Provided information:

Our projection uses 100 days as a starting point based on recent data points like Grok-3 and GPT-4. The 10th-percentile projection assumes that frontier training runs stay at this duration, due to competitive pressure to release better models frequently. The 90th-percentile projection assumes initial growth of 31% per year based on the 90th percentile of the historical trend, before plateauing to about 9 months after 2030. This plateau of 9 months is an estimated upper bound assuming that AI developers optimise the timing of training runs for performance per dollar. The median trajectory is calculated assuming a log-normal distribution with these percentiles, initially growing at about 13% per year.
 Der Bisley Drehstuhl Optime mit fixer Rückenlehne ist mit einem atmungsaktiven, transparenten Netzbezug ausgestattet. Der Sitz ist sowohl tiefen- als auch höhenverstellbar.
==
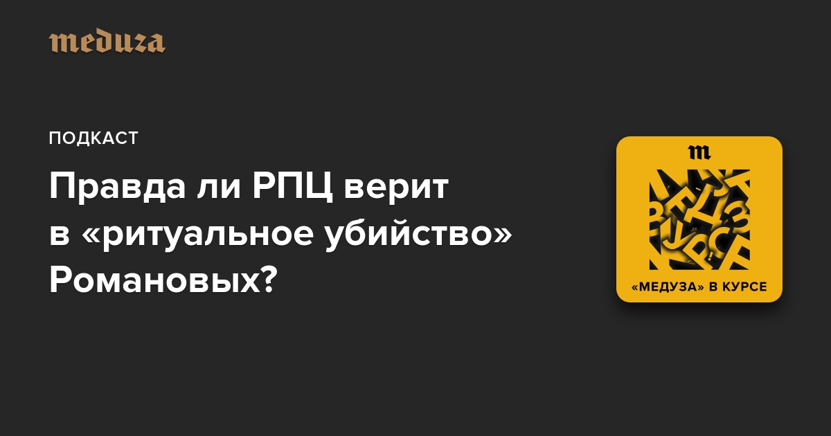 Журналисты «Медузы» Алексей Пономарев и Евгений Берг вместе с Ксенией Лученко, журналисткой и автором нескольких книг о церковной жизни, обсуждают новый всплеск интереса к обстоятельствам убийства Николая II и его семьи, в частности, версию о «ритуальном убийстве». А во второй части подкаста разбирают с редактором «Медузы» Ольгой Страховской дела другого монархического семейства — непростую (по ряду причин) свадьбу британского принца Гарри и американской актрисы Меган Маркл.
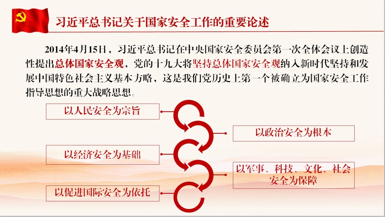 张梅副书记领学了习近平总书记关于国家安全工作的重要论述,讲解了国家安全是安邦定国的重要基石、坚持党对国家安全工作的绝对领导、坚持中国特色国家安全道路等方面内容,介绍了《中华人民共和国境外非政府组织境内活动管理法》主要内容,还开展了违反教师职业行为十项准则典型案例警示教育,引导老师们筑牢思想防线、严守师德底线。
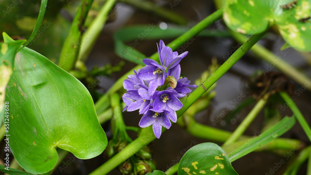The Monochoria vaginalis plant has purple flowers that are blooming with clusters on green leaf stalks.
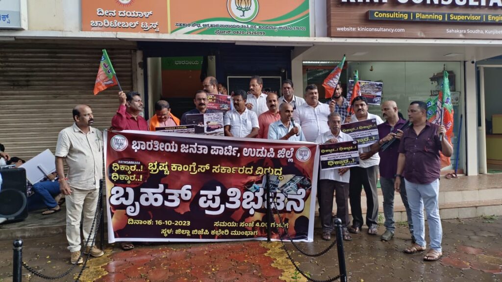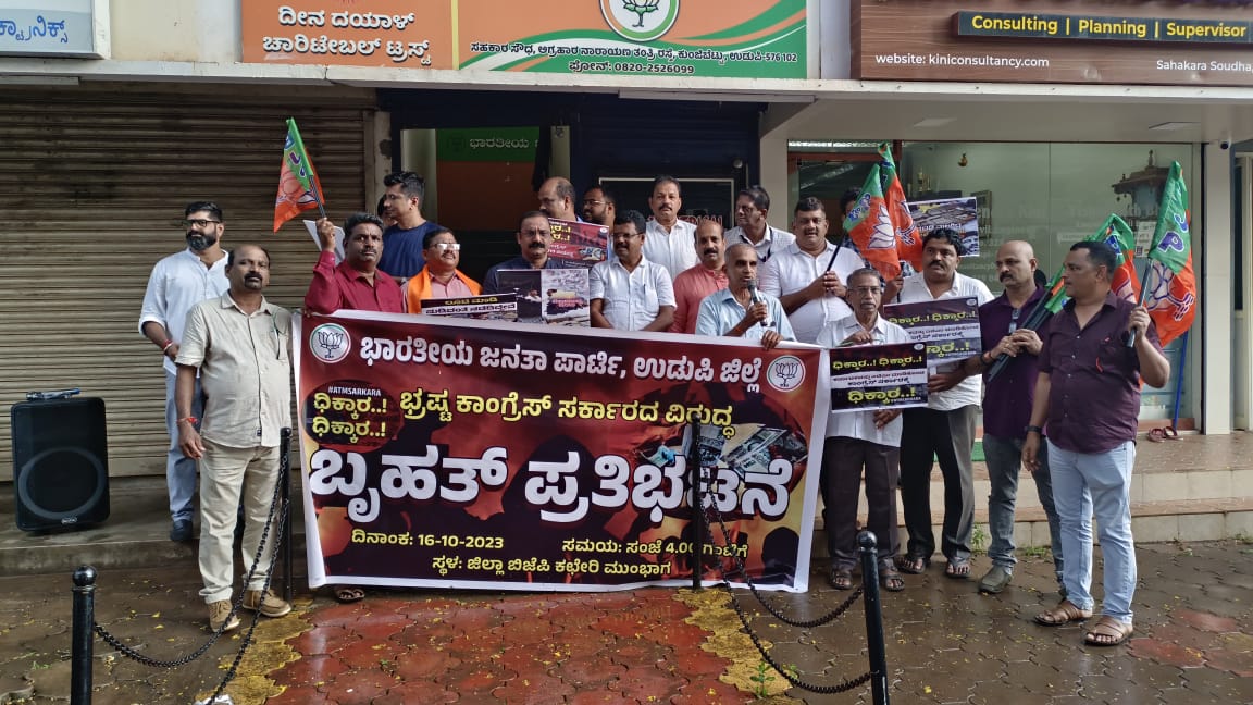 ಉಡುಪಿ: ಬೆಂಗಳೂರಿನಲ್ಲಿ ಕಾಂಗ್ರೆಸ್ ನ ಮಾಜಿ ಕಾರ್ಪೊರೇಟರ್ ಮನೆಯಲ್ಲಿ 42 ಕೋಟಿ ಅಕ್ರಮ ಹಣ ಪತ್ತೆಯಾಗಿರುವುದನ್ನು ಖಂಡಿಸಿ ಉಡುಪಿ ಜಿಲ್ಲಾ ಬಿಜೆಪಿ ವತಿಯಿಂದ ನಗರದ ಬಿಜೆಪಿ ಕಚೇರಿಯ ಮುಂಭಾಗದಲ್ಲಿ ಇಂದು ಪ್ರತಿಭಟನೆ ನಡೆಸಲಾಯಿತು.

Instructions for the task:
Using the material above, transcribe exactly the lines from the one holding "张梅副书记领学了习近平总书记" to the one holding "The Monochoria vaginalis", both ends kept. Do not carry over any pictures.

Answer:
 张梅副书记领学了习近平总书记关于国家安全工作的重要论述,讲解了国家安全是安邦定国的重要基石、坚持党对国家安全工作的绝对领导、坚持中国特色国家安全道路等方面内容,介绍了《中华人民共和国境外非政府组织境内活动管理法》主要内容,还开展了违反教师职业行为十项准则典型案例警示教育,引导老师们筑牢思想防线、严守师德底线。
The Monochoria vaginalis plant has purple flowers that are blooming with clusters on green leaf stalks.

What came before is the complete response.